A few quick thoughts on the developing French political situation (I published a longish article on it Monday, focusing on President Macron, but things are moving fast!).
Emmanuel Macron has now named the centrist politician François Bayrou as Prime Minister, succeeding Michel Barnier, whose government fell to a no-confidence vote last week. At 73, Bayrou is an old warhorse in French politics. He first held ministerial rank thirty-one years ago and has run unsuccessfully for President three times. He comes from near Pau, in the southwestern region of Béarn, and identifies (very) deeply with its most famous native son, King Henri IV (reigned 1589-1610), whose biography he has written. In his first statement on taking office, Bayrou compared himself to Henri and noted that while France may be in crisis today, it is nothing compared to what the first Bourbon monarch faced when he took the throne, with civil war raging, foreign armies on French soil, and his immediate predecessor Henri III assassinated.

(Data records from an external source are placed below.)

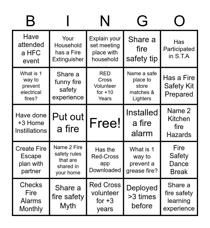 This bingo card has a free space and 24 words: Checks Fire Alarms Monthly, Name 2 Fire safety rules that are shared in your home, RED Cross Volunteer for +10 Years, Deployed >3 times before, Has Participated in S.T.A, Have attended a HFC event, Your Household has a Fire Extinguisher, Explain your set meeting place with household, Installed a fire alarm, Name 2 Kitchen fire Hazards, Have done +3 Home Instillations, Share a funny fire safety experience, What is 1 way to prevent a grease fire?, Fire Safety Dance Break, What is 1 way to prevent electrical fires?, Share a fire safety Myth, Red Cross volunteer for +3 years, Share a fire safety tip, Has a Fire Safety Kit Prepared, Create Fire Escape plan with partner, Put out a fire, Has the Red-Cross app Downloaded, Name a safe place to store matches & Lighters and Share a fire safety learning experience.
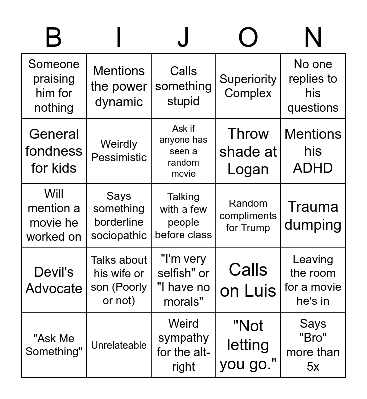 This bingo card has 25 words: Talks about his wife or son (Poorly or not), Weird sympathy for the alt-right, Ask if anyone has seen a random movie, "Ask Me Something", No one replies to his questions, Someone praising him for nothing, General fondness for kids, Mentions the power dynamic, Random compliments for Trump, "I'm very selfish" or "I have no morals", Throw shade at Logan, Will mention a movie he worked on, Calls on Luis, Leaving the room for a movie he's in, Weirdly Pessimistic, Says "Bro" more than 5x, Trauma dumping, Calls something stupid, Mentions his ADHD, Says something borderline sociopathic, Talking with a few people before class, Unrelateable, Devil's Advocate, Superiority Complex and "Not letting you go.".
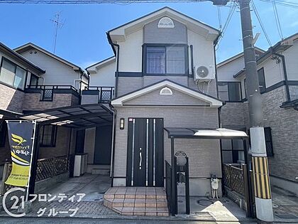 落ち着いた色合いとモダンなデザインが調和した戸建外観。道路からの見通しも良好で、しっかりとした門構えが安心感を与えます。周囲との距離も程よく確保されており、静かな環境と調和した佇まいが魅力です。
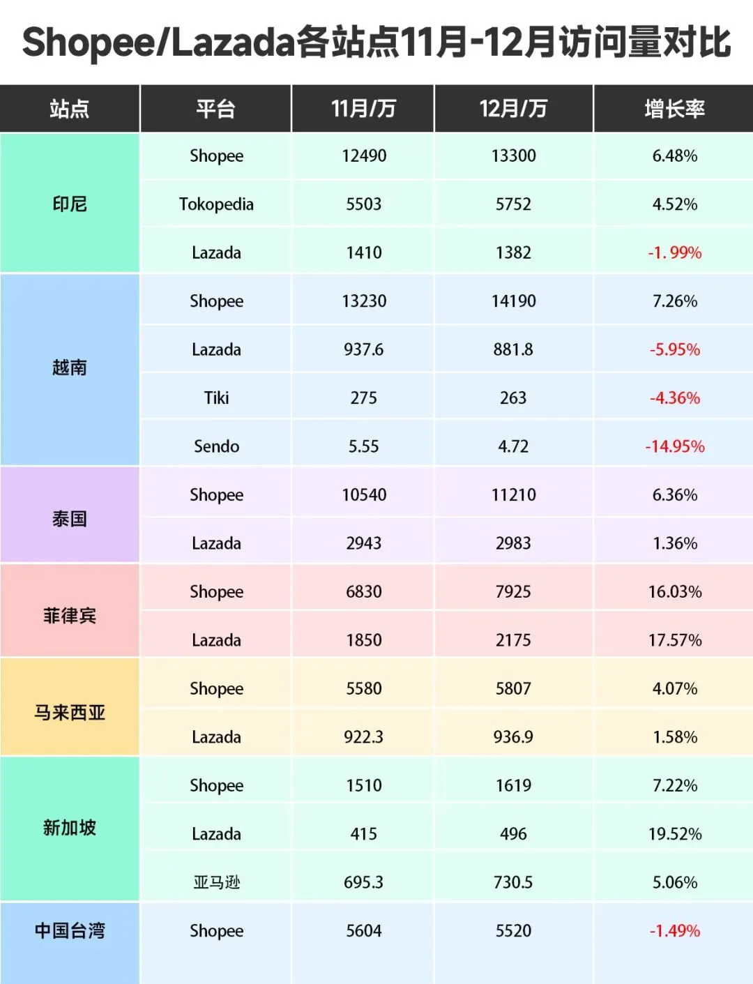 点击上方🔝图片,立即体验紫鸟浏览器2025年12月东南亚电商平台访问量数据出炉:Shopee全线增长,菲律宾站以16.03%增幅领跑;Lazada印尼、越南站小幅下滑,但新加坡站反弹19.52%,菲律宾站增长17.57%。
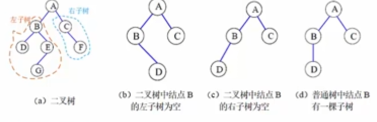 二叉树是 n 个结点的有 限集合,它或者是空树,或者是由一个根结点及 两颗互不相交的且分别称为左右子树的二叉树组成。
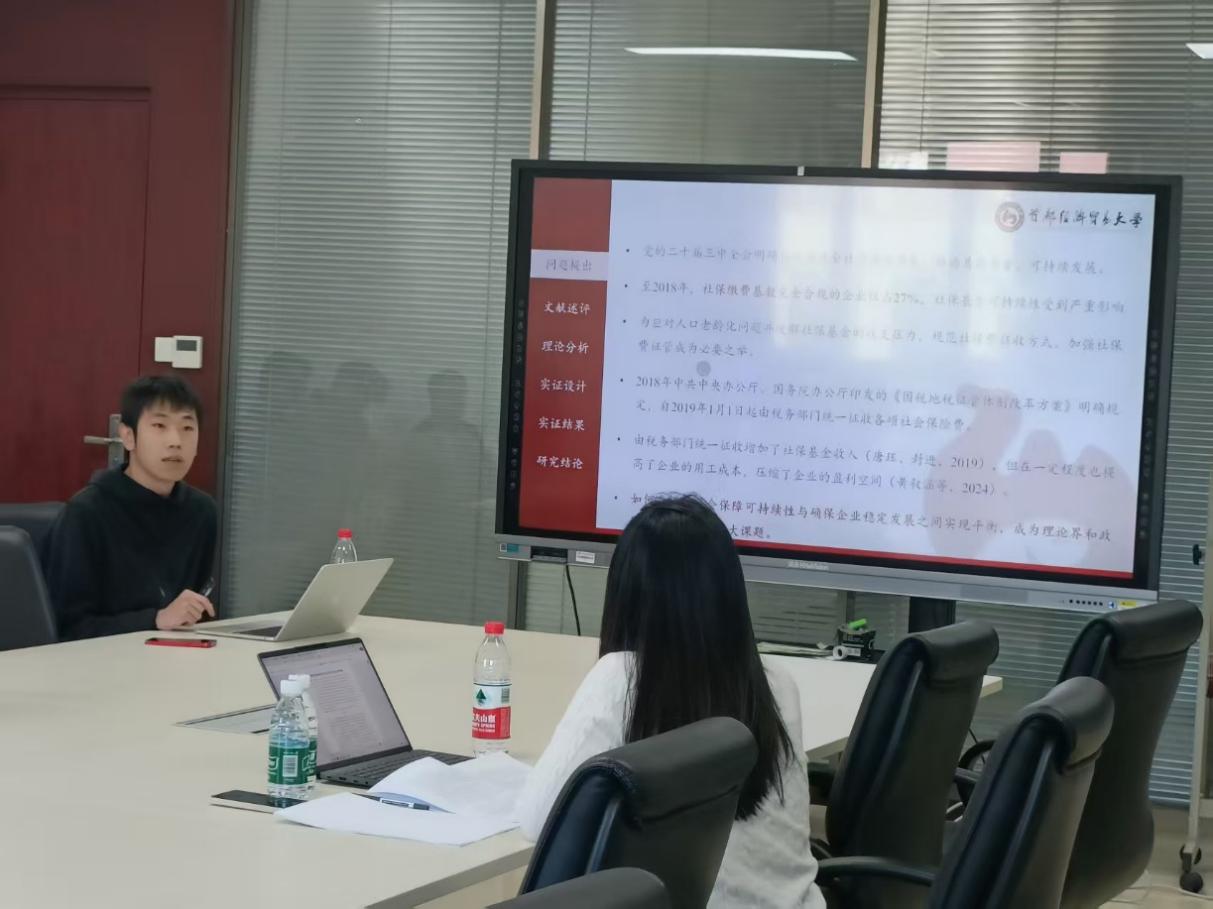 2025年11月20日,麻豆传媒 于博远楼419会议室顺利举办第33期博士生学术沙龙。本次活动设置两场专题汇报,聚焦“社保费征管体制改革与企业劳动节约型技术创新”和“个人所得税改革对提升生育意愿的效应研究”两个主题。麻豆传媒 2023级博士生刘祎男、何天琦先后进行学术汇报,税务系教师韩瑞雪受邀担任点评嘉宾,学院博士生共同参与交流研讨。
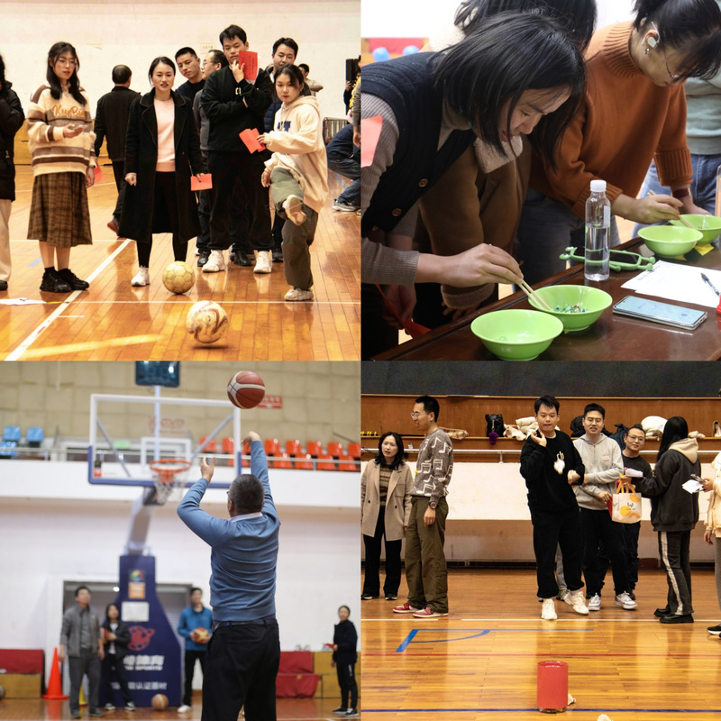 个人项目有“捷足先登”“迎‘篮’而上”“眼明手快”“一‘掷’前进”等,形式多样,趣味横生。捷足先登:划过木地板上金色的光影,足球向着球门飞奔而去。短短10m的路程,聚焦全场的紧张与期待。迎“篮”而上:篮球撞击地板后弹起,颇具节奏感和力量感,为场上飞驰的身影配以绝佳伴奏。全速绕过设置的障碍,双眼锁定篮筐,轻盈一跃而起,行云流水的动作和应声入框的命中博得满场喝彩。眼明手快:玻璃弹珠晶莹剔透,互相推挤碰撞着发出清脆声响。一双筷子两只碗,一碗弹珠一群人,教师们把控握筷力度,调整夹取方式,屏气凝神夹起,小心翼翼转移。一“掷”前进:微眯眼瞄准投壶,前后对准跃跃欲试。计时员按下秒表的瞬间,一抹洁白划过半空,描画出一道弧度完美的抛物线,不偏不倚着陆边沿,弹入投壶。一方小小投壶,满载投中时的跃动与欢喜。
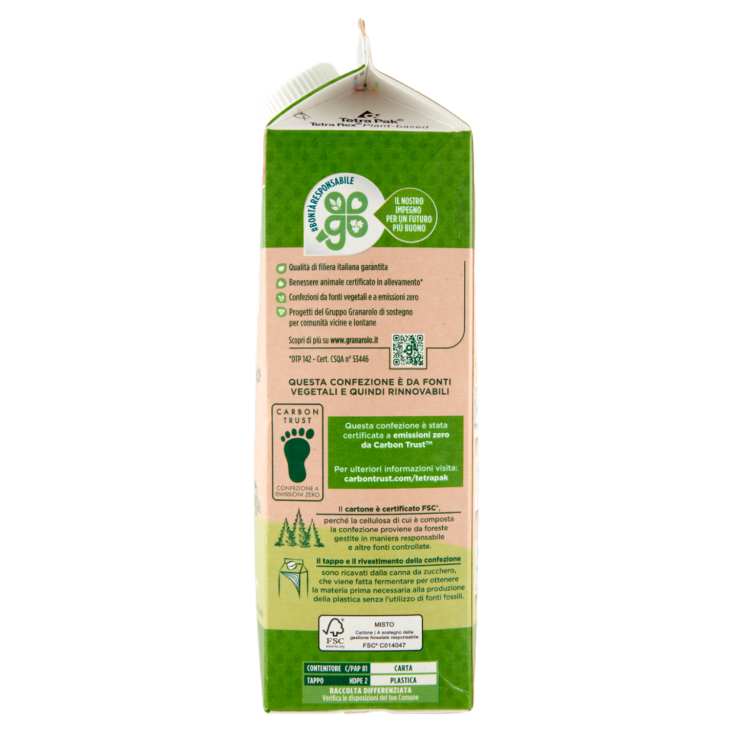 Il latte Biologico Granarolo nasce da una filiera italiana ed è controllato fin dagli allevamenti. Garantito dalla certificazione per il Benessere Animale in allevamento CSQA* *DTP 142 - Cert. CSQA n° 53446 Alimentazione delle mucche di origine biologica e No OGM come previsto dalla legge. Solo latte 100% Italiano dagli allevamenti della nostra filiera Questa confezione è da fonti vegetali e quindi rinnovabili Il cartone è certificato FSC, perchè la cellulosa di cui è composta la confezione proviene da foreste gestite in maniera responsabile e altre fonti controllate. Il tappo e il rivestimento della confezione sono ricavati dalla canna da zucchero, che viene fatta fermentare per ottenere la materia prima necessaria alla produzione della plastica senza l'utilizzo di fonti fossili.
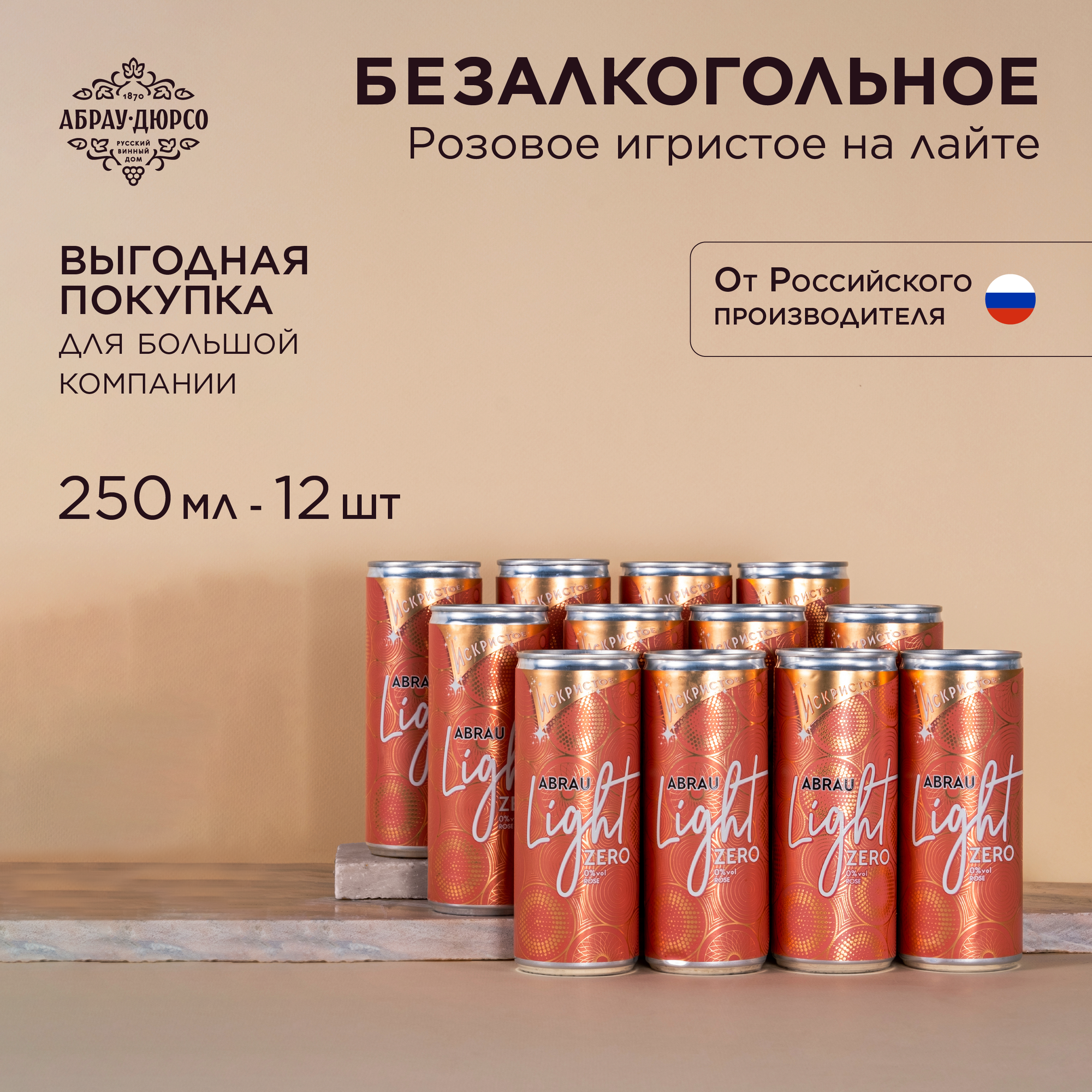 Напиток винный безалкогольный сильногазированный ароматизированный "ABRAU Light Zero rose" Абрау Лайт Зеро розовое, банка, 0,25 л. - 12 шт. интересное:
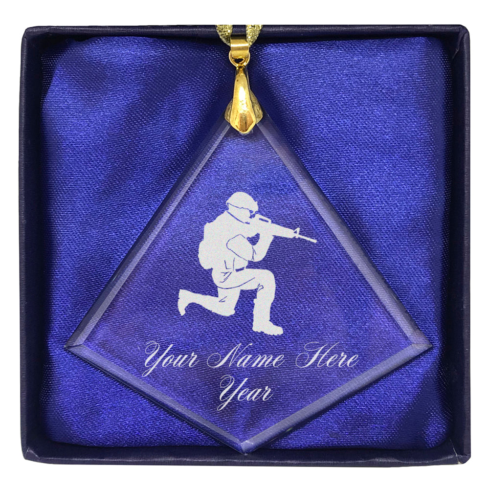 LaserGram Christmas Ornament, Military Soldier, Personalized Engraving Included (Diamond Shape)
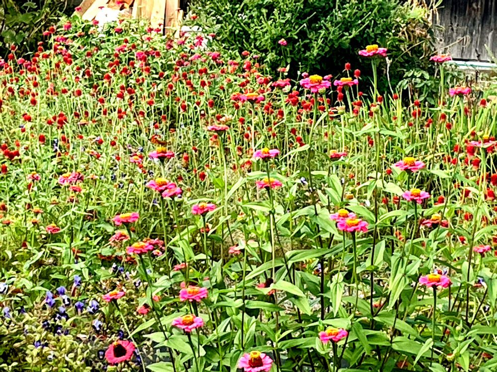 先日の1枚,ご近所さんの花畑に,赤い千日紅と百日草の投稿画像
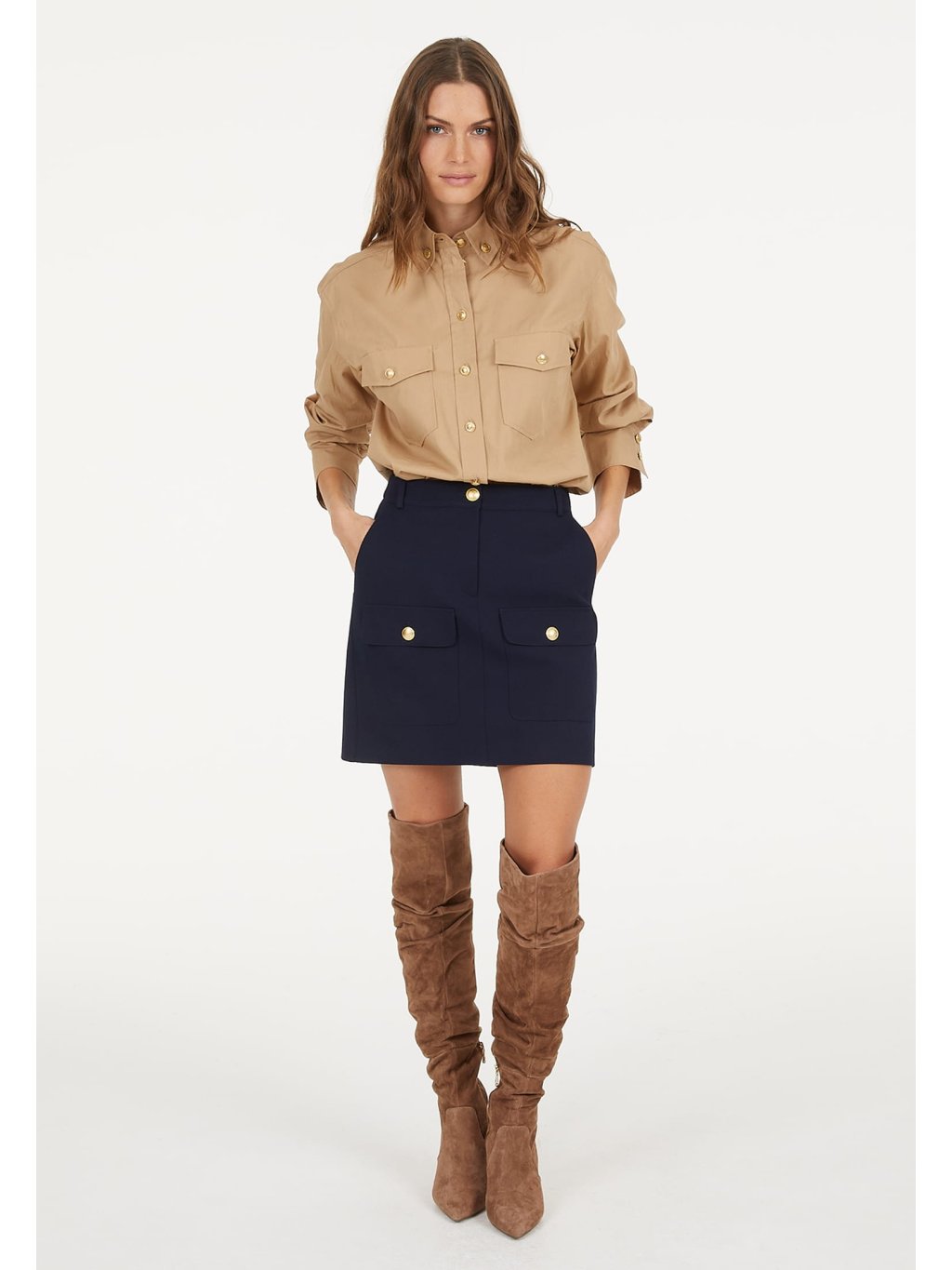 Tato krátká sukně zaujme svým perfektně padnoucím střihem a zlatými knoflíky. Ideální kousek pro stylový a moderní vzhled.
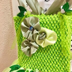 TINKERBELL couture tutu dress/costume - custom made couture, super cute hand-tied full and fluffy tutu dress with petal-like skirt, coordinating satin ribbon roses with pearl and rhinestone embellishments, green glitter leaves at the waist, satin straps with wide satin back bow. *(available in classic short length) Additional sizes available (3 mo to 10 yr at www.adinaballerina.com)
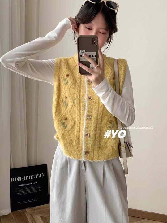 无袖圆领针织马甲背心女春秋款外搭宽松坎肩叠穿刺绣花朵马夹上衣
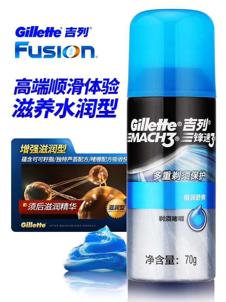 Gillette Men's Shaving Foam Gel Gilly Fengsu 3 Care Shaving Gel High-end Shaving Cream 70g*2 bottles
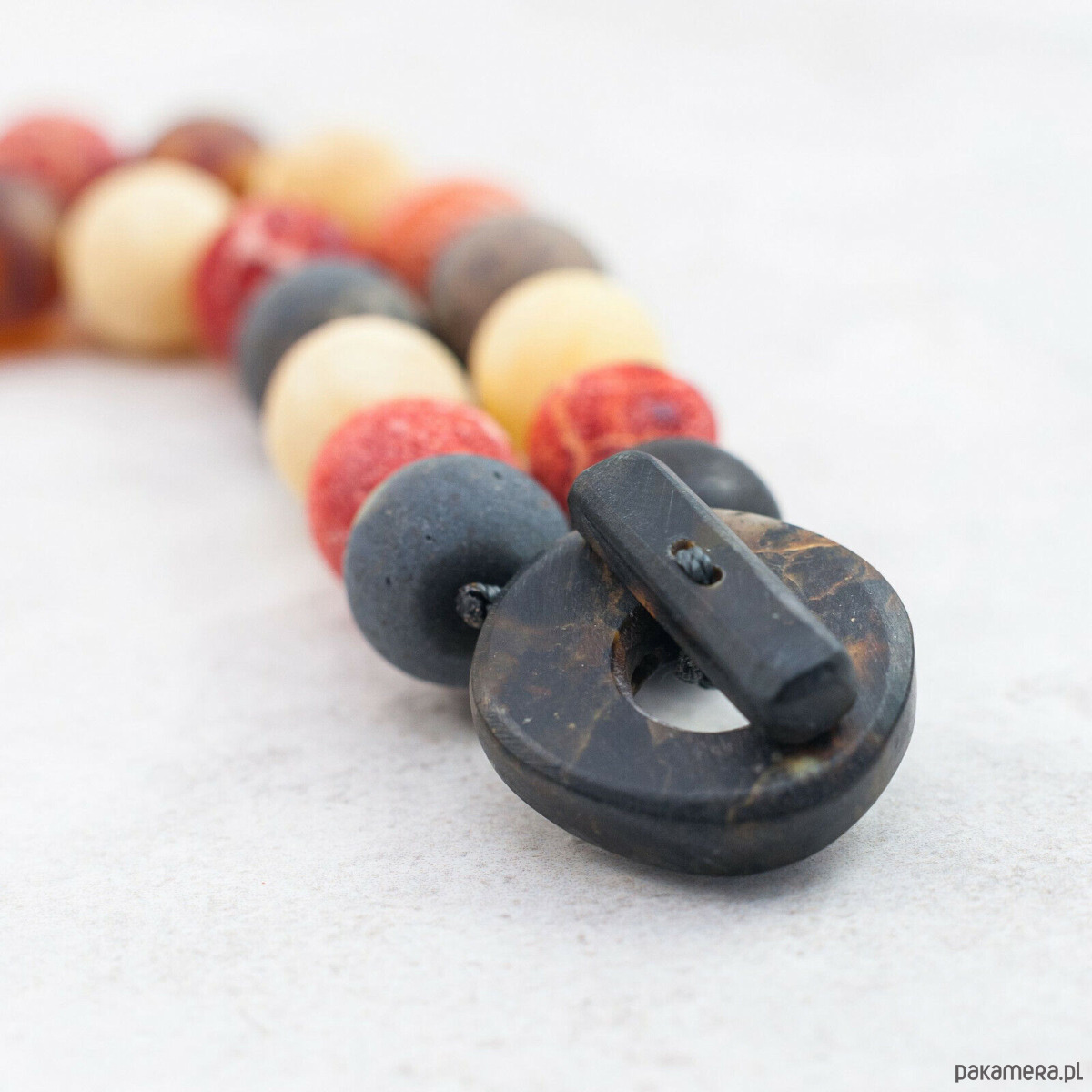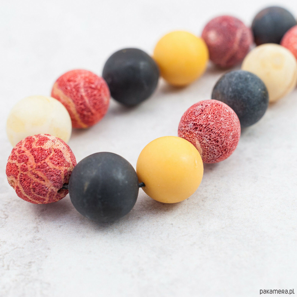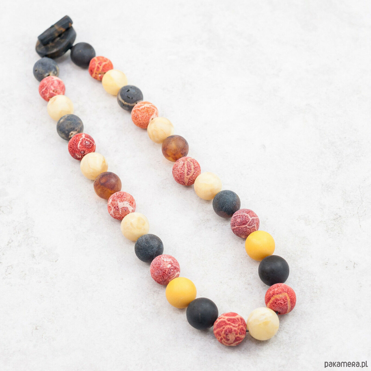 Naszyjnik składa się z regularnych, okrągłych kul bursztynu w kolorach czarnym, żółtym i białym oraz naturalnych, czerwonych korali, które zostały harmonijnie wkomponowane, tworząc niepowtarzalny efekt. Surowa, matowa faktura bursztynu i korala dodaje kompozycji autentyczności i subtelnej surowości. Każdy kamień jest wyjątkowy — jego struktura, odcień i faktura mogą nieco różnić się od przedstawionych zdjęć, co podkreśla niepowtarzalność produktu.
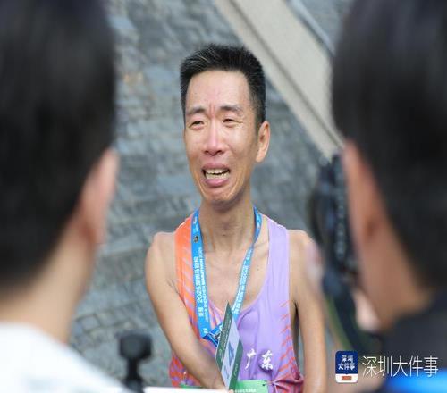 孙亮亮在赛后采访中喜极而泣,并向记者展示“第四名冲线”的序号牌。
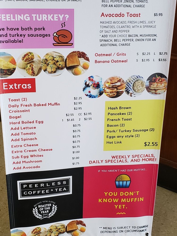 Scrambled egg, American cheese and your choice of (ham, bacon, sausage, or spinach) on a toasted English muffin.
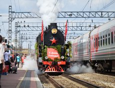 8 мая 2025 утром в Иркутске торжественно встретили «Поезд Победы». Ретро-состав на паровозной тяге останавливался на станциях Иркутск-Сортировочный и Иркутск-Пассажирский.

True enough! Still, Bayrou is the fourth Prime Minister of the year, which is a first for the Fifth Republic (it was common enough in the Third), and he has a profoundly unenviable task in front of him. France faces a deep budget crisis, decades in the making, which he has promised to address. But if he tries to do so by making sharp cuts in the social security net, he will almost certainly face another no-confidence vote, and probably lose it. His predecessor Barnier fell when the far-right National Rally combined with the New Popular Front alliance of the left for the no-confidence vote. For the moment, the Rally has said it will refrain from repeating the maneuver with Bayrou. But overly austere austerity moves on Bayrou’s part will push them to change tack. He is almost certainly hoping to win support from the Socialist Party, perhaps even detach part of it from the New Popular Front. But whether he can do so, and whether he would gain enough votes to defeat another no-confidence motion, is doubtful. So he is going to have to successfully navigate a very wobbly tightrope if he is to beat Barnier’s record of just three months in office.
And while the opposition parties might attract opprobrium for toppling the government again, they also have an obvious incentive to do so—it might force Emmanuel Macron’s resignation as President. For the moment, he has insisted he will serve out his term, which ends in the spring of 2027. But another failed government might make the pressure on him unbearable. If he resigns, another presidential election will take place immediately, and Marine Le Pen, head of the National Rally, might well win. She, incidentally, has a particular incentive to do this, since she faces criminal charges of misusing government funds, and in March might be sentenced to jail and banned from electoral politics for a period of five years.
In short, the excitement (?) continues.
France's politics seem just as nuts as Israel's, though for me the stakes seem a little bit lower. Still, the political crisis in France and Germany, combined with vacuum coming from London, in the context of the Trump ascendency and its pro-Russian inclination, could be inching Europe toward a mega catastrophe.